Я невольно улыбнулась: иногда моя новая подруга казалась сущим ребенком. Конечно, в обители и дома ее выучили всему, что следовало знать принцессе, но видно было, что она совсем не знает жизни. Однако, пускай ее суждения порой и звучали наивно, Селеста все же отличалась здравомыслием и смекалкой, а это намного важнее книжной премудрости. А опыт… успеет еще набраться его! Она ведь совсем еще девочка, даром что уже замужем… Если пересчитать ее годы на русалочьи, Селеста оказалась бы вдвое моложе меня, а я-то по нашим меркам вовсе малек, не знавший большой волны и океанских глубин!
Люди, однако, быстро учатся, особенно если нужда придет, и Селеста, ввязавшись со мною вместе в игру, ни правил, ни условий которой мы не знали, старалась, как могла. В самом деле, без нее я вовсе ничего не сумела бы узнать! Она же обладала даром располагать к себе людей, была приветлива даже с распоследними служанками, а те охотно делились дворцовыми сплетнями если не с самой Селестой, так с ее наперсницей, конопатой Джен.
Вот и сейчас та прошмыгнула в комнату, изобразила подобие реверанса и протараторила:
– Ваш-высочво, сейчас муж придет!
– Чей, скажи толком? – улыбнулась Селеста.
– Ваш, чей еще? – удивилась та, потом посмотрела на меня и улыбнулась во весь рот. – Прощения прошу, брякнула, не подумавши…
Я кивнула, и Джен улетучилась, а через несколько минут вошел Герхард. Он двигался почти как Эрвин, так же легко, но более порывисто.
– Надо полагать, прекрасные дамы перемывают косточки супругам? – спросил он с иронией, поцеловав руки нам обеим, и взглянул на мой блокнот.
Я поспешила закрыть его: Селеста не посвящала мужа в наши планы, и не нужно было ему видеть мои записки.
– Чем же еще заняться, если коронация только через два дня? – притворно вздохнула она. – Наряды давно готовы, а во дворце такая скука… А уж жара! Даже нельзя выехать на прогулку, того и гляди, получишь солнечный удар!
– А я пришел передать вам как раз приглашение на прогулку, – весело произнес Герхард. – Представьте, милые дамы: супруг нашей Элизы наконец-то сообразил, что ведет себя несколько невежливо и, дабы загладить свое невольное прегрешение – мы ведь извиним суровые обычаи его родины? – приглашает всех нас на свой флагман.

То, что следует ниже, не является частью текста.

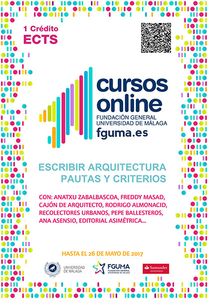Una vez más nos gustaría volver a presentaros y recomendaros la nueva edición del curso online “Escribir arquitectura. Pautas y criterios” que imparte la Fundación de la Universidad de Málaga.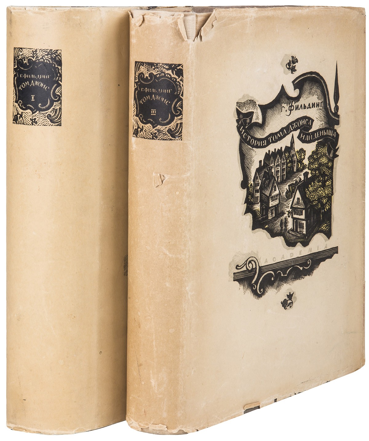 В двух издательских переплетах с тиснением по пер. крышкам и корешкам и иллюстрированных суперобложках. Суперобложка, переплет, титульные листы и иллюстрации работы С.М. Пожарского.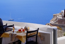 Discover Greek gastronomy in a well-known restaurant of Santorini, beautifully renovated, externally and internally, for your comfort and romantic delicious delights with a view of the Caldera. Apsithia Restaurant in Oia awaits you this summer to taste the new gastronomic creations during your visit. The experienced staff will help you choose, amongst many dishes, exactly what suits your tastes. Taste only the finest local meat; fresh fish and seafood and vegetables are used to create Greek and international specialties with wonderful suggestions from the wide list of local and many famous wines of Greece.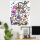 Tubos de teste coloridos brilhantes e beakers fazendo ciência louca, com bolhas que parecem globos oculares, chamas se transformando em pequenos monstros, nuvens de tentáculos de crescimento a vapor, e outros detalhes divertidos que qualquer cientista louco adoraria. Arte de Marianne O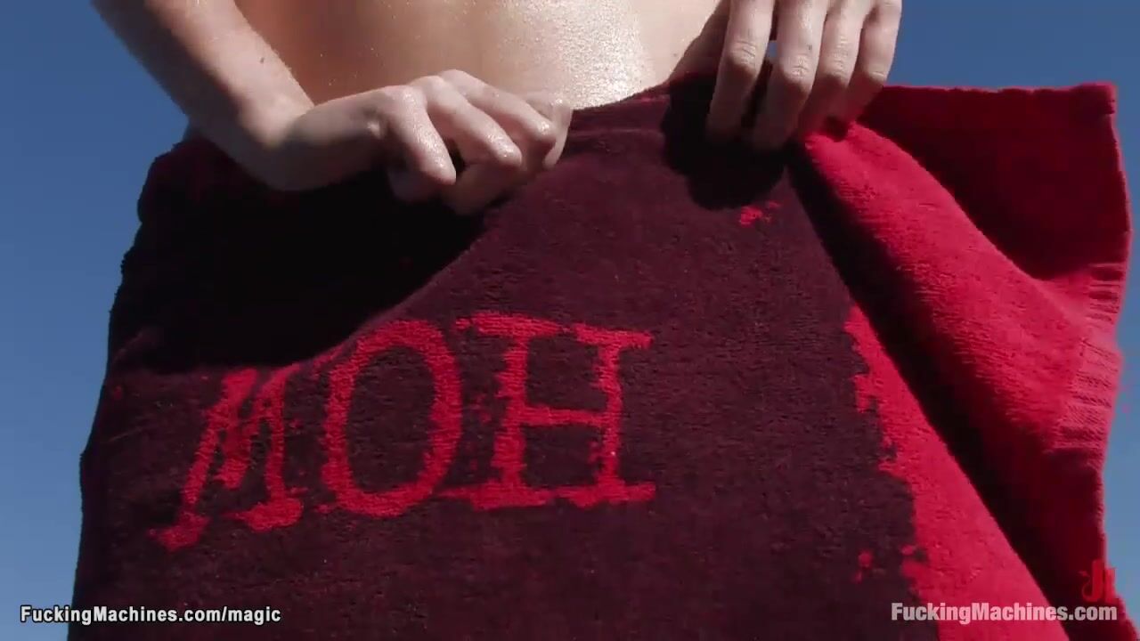 Natural busty blonde babe Kissy Kapri gets horny on the beach and she moves in her camper where fucks double penetration machine and vibrator solo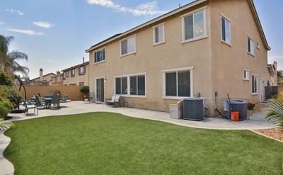 Perfect multi-generational home featuring solar panels that save you $$ all year long + NO HOA. Step into the spacious formal living & dining rooms featuring low maintenance tile flooring & high ceilings that flow into the updated kitchen. The beautiful kitchen features recessed lighting, granite counters, large island with breakfast bar, huge pantry, & spacious eating area. Located just off the kitchen, the huge family room is light & bright with lots of natural light & lighted ceiling fan. The downstairs den is located just off the family room, perfect as an office or guest room. The full downstairs bedroom + full downstairs bathroom is perfect for multi-generational families or frequent guest. The laundry room is huge w/storage, counter space, sink, & direct garage access. The master bedroom is a private sanctuary with a huge master bedroom & equally large retreat. The master bathroom includes dual sinks, shower, soaking tub, vanity, toilet closet, & large walk in closet. The remaining 4 bedrooms are all spacious & feature lighted ceiling fans & all but 1 has mirrored closets. Gorgeous wood laminate flooring flows throughout the majority of the home. Spacious backyard is low maintenance & drought tolerant with beautifully landscaped patio & faux grass with raised patio area, perfect for a BBQ. Other notables are the cost saving solar panels, no neighbors behind you, & NO HOA. Don't miss out... a home in this condition won't last long.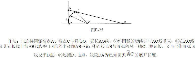 6、问答题 绘图题:已知一小于90°的圆弧,请用钢板尺、划规、划针作该段圆弧的展开长度。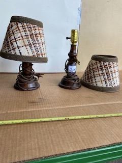 Pair ofMCM Night Stand Lamps Extra Long Cords, Wooden Bases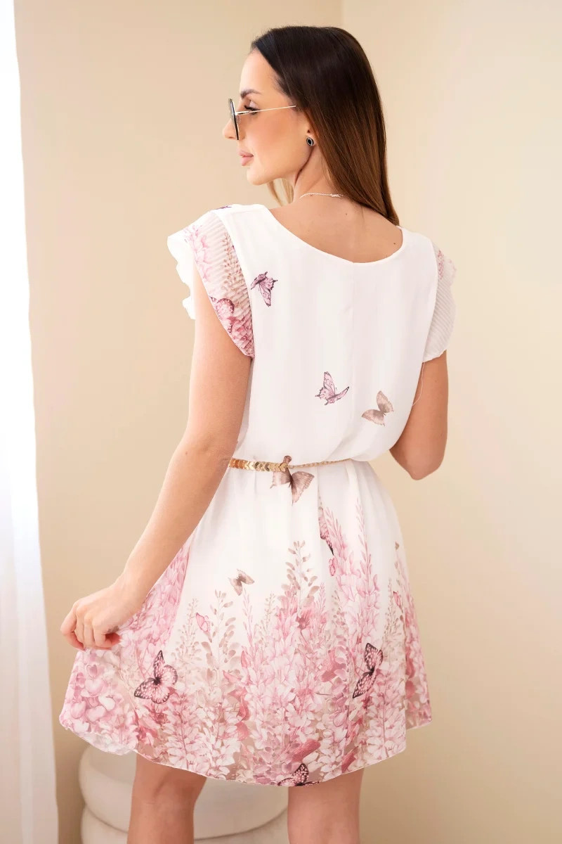 Dámské šaty s plisovaným rukávem a ozdobným páskem jsou elegantní a ženskou volbou, která se výborně hodí jak na každý den, tak při výjimečných příležitostech. Lehký, vzdušný střih způsobuje, že se šaty krásně přizpůsobí postavě a zvýrazní její přirozený tvar. Jemný vzor s motivy přírody a motýlů dodává stylizaci výjimečný charakter a něžnost.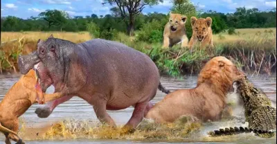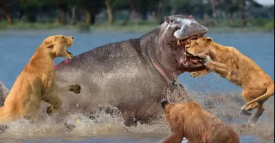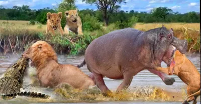 Battle In The Mud! Aggressive Lion Was Bitten Head Off By Angry Hippo While Risking His Life To Hunt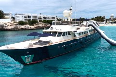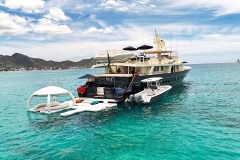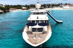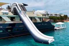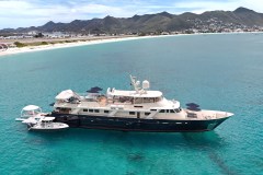 Toys, not just talk. You get 2 JetSkis, 2 Seabobs, and snorkeling gear for 8, plus a variety of other watersports equipment noted including waverunners, a water slide, and Aquabana. There is also a 25ft Sportsman towed tender set up for fishing action.
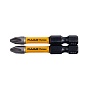 Биты предназначены для закручивания шурупов и саморезов с крестообразным шлицем РZ2. Используются в качестве сменной отверточной насадки с шуруповертами и отвертками. Намагниченные торсионные биты выполнены из высокопрочной легированной стали (S2), что обеспечивает повышенную износостойкость и увеличивает срок службы. Имеют дополнительную лазерную обработку наконечника биты, обеспечивающую идеальную геометрию и точное попадание в шлиц. Торсионная зона позволяет работать ударным шуруповертом. Торсионный тип очень хорошо справляется с тангенциальным ударом (удар по касательной) при вращении. Также торсионные биты хорошо справляются с закручиванием крепежа в особо твердые материалы – при жестком завинчивании (резкая остановка самореза при достижении шляпкой материала, например металла) часть нагрузки принимает на себя скручивающийся торсион, тем самым сохраняя шлицы. Шлицы бит намагничены, поэтому крепеж не выпадает, что повышает удобство при работе с данными битами. Фосфатное покрытие защищает от коррозии, что позволяет сохранять качество и внешний вид оснастки в первоначальном виде в течение долгого времени.
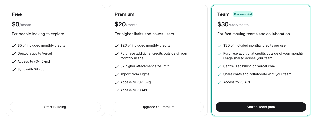 v0 operates on a credit system where users receive monthly credit allowances: Free ($5), Premium ($20), Team ($30/user), and Enterprise (custom). Credits are consumed based on actual token usage across different model tiers, with v0-1.5-lg costing $7.50 per million input tokens and $37.50 per million output tokens, while smaller models like v0-1.5-sm cost significantly less at $0.50/$2.50 per million tokens.

– Ты хотел сказать «варварские обычаи»? – прищурилась Селеста и тут же взглянула на меня. Я кивнула: может быть, на корабле удастся перемолвиться с Элизой хоть словом? – Надеюсь, он не намерен нас похитить?
– Обычаи его родины все-таки не настолько варварские, – усмехнулся Герхард. – Но я советовал бы вам одеться поскромнее и прикрыть плечи и лица. Не потому, что так принято в стране нашего зятя, а потому, что иначе на морском ветру да на таком солнце вы мгновенно обгорите!

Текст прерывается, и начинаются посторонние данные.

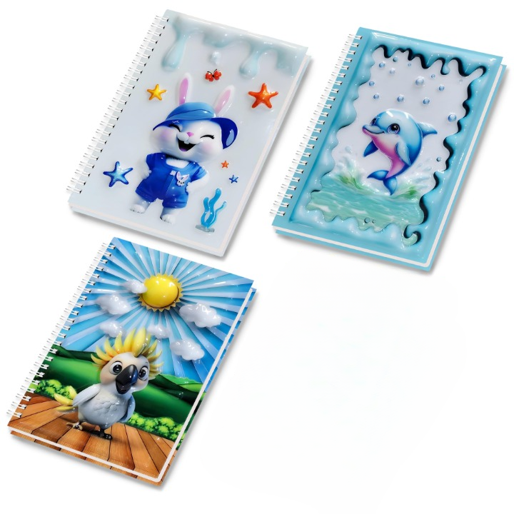 A5 Boyutunda Parlak Yüzeyli 3 Boyutlu Spiralli Defter 3'lü Koleksiyon sevimli tavşan , papağan ve güneş , sevimli dolphin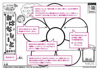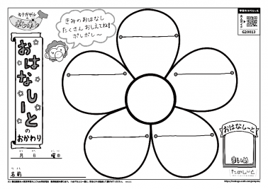 「ポレポレ」1回目に、自分の“お話”を“お花”に書き込んでいく「おはなしーと」というシートがあります。「ポレポレ」に取り組んだ結果を書き込んでいくと、その子の自己紹介が増えていきます。足りなくなったら、「おはなしーと おかわり」をお使いください。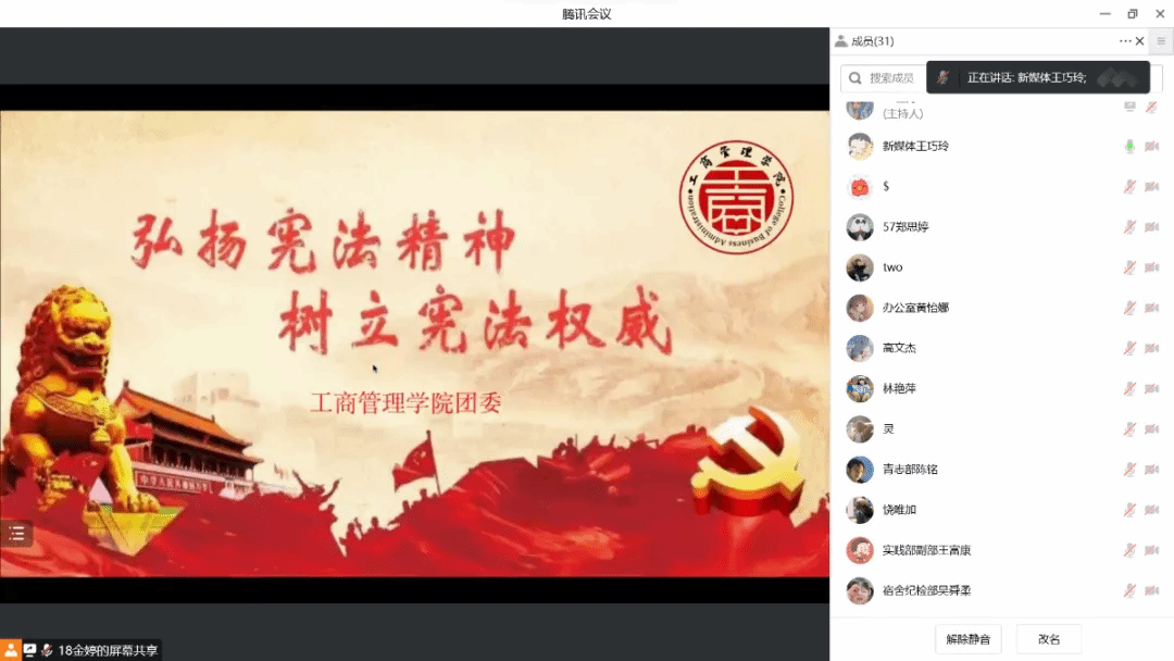 为全面贯彻习近平法治思想,大力弘扬宪法精神,引导学生树立良好的宪政意识,必赢3003no1线路检测中心于2022年12月19日开展“学习宪法精神”线上主题分享会,由必赢3003no1线路检测中心学生干部分享学习宪法精神的心得,并由学生会主席金婷主持会议。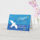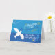 Happy Hanukkah for a rabbi, paper greeting card with a digital illustration of a peace dove, flowers, Star of David, and handwritten style lettering. Customise the cover with your rabbi’s name. Art, image, and verse copyright © Shoaff Ballanger Studios, 2022.

Положим, у меня кожа была далеко не такой нежной, как у Селесты, но я тоже кивнула: Герхард был прав, не стоило рисковать.
– А почему «поскромнее»? – спросила она. – Чтобы не смущать моряков?
– Чтобы не запутаться кружевным подолом в каком-нибудь просмоленном канате, – ответил Герхард и добавил: – Вечером обещают фейерверк, должно быть, это очень красиво! Ну, не буду мешать вам, мне еще нужно отдать кое-какие распоряжения…
Когда он вышел, мы переглянулись.
– По-моему, это наш шанс, – произнесла Селеста.
«А не кажется ли тебе странным это приглашение? – написала я, снова открыв блокнот. – Неужели наш зять в самом деле понял, что ведет себя неприлично, и решил загладить вину? Что-то не верится мне в такие порывы!»
– Мне тоже, – согласилась она. – Но отказываться от приглашения глупо. И некрасиво, если уж на то пошло.
Я кивнула: не вполне ясно, что двигает нашим зятем, но пока мы не окажемся на борту его корабля, не узнаем этого…
* * *
Флагманский корабль шахди Оллемана был очень красив. Он отличался от знакомых нам судов: иные обводы, иная оснастка, яркие праздничные паруса… Пожалуй, решила я, ступив на палубу, устланную коврами, это не боевой корабль, а что-то вроде праздничной золоченой кареты: он может ходить по морю, и ходить быстро, на нем есть пушки, но предназначен он не для войны, а для того, чтобы пускать пыль в глаза. Я видела, как был украшен тот же «Ретивый»: на нем имелась носовая фигура, была и резьба по дереву, особенно красивая в каюте Клауса (я рассмотрела это уже потом, когда корабль ушел на дно, и можно было порыться в обломках и подобрать разные интересные вещички). Там, однако, это не было так уж заметно, здесь же роскошь просто била в глаза! Право, к чему столько позолоты и прочей мишуры? Все эти украшения смоет первым же сильным штормом! Улетят по ветру гирлянды и кисейные занавеси, уйдут на дно прекрасные шелковые ковры, а уж сколько драгоценной металлической утвари с редкостной красоты чеканкой затонет на радость местным русалкам – и вовсе не перечесть! Ну а все эти фонари и курильницы, в которых тлеют благовония, запросто устроят пожар, а пожар на корабле – это не шутки.
– Похоже на плавучий бордель, – негромко сказал Вернер Кристиану, а тот заухмылялся и добавил:
– Только танцовщиц не хватает.
– Это же семейный праздник, дурья твоя башка! Какие еще танцовщицы?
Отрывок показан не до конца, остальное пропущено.